## Task statement
Records follow. Pull out every line that contains "with".

## Provided records
···

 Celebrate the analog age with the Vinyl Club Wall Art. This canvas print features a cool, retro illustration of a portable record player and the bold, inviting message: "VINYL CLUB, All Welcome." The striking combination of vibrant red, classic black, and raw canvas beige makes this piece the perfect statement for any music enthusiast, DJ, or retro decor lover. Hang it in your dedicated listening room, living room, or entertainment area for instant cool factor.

···

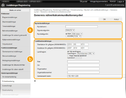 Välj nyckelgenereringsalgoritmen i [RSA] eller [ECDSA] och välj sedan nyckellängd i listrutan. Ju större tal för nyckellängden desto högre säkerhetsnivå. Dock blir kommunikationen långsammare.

···

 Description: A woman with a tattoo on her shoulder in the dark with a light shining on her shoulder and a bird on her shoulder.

···

## Task result
 Celebrate the analog age with the Vinyl Club Wall Art. This canvas print features a cool, retro illustration of a portable record player and the bold, inviting message: "VINYL CLUB, All Welcome." The striking combination of vibrant red, classic black, and raw canvas beige makes this piece the perfect statement for any music enthusiast, DJ, or retro decor lover. Hang it in your dedicated listening room, living room, or entertainment area for instant cool factor.
 Description: A woman with a tattoo on her shoulder in the dark with a light shining on her shoulder and a bird on her shoulder.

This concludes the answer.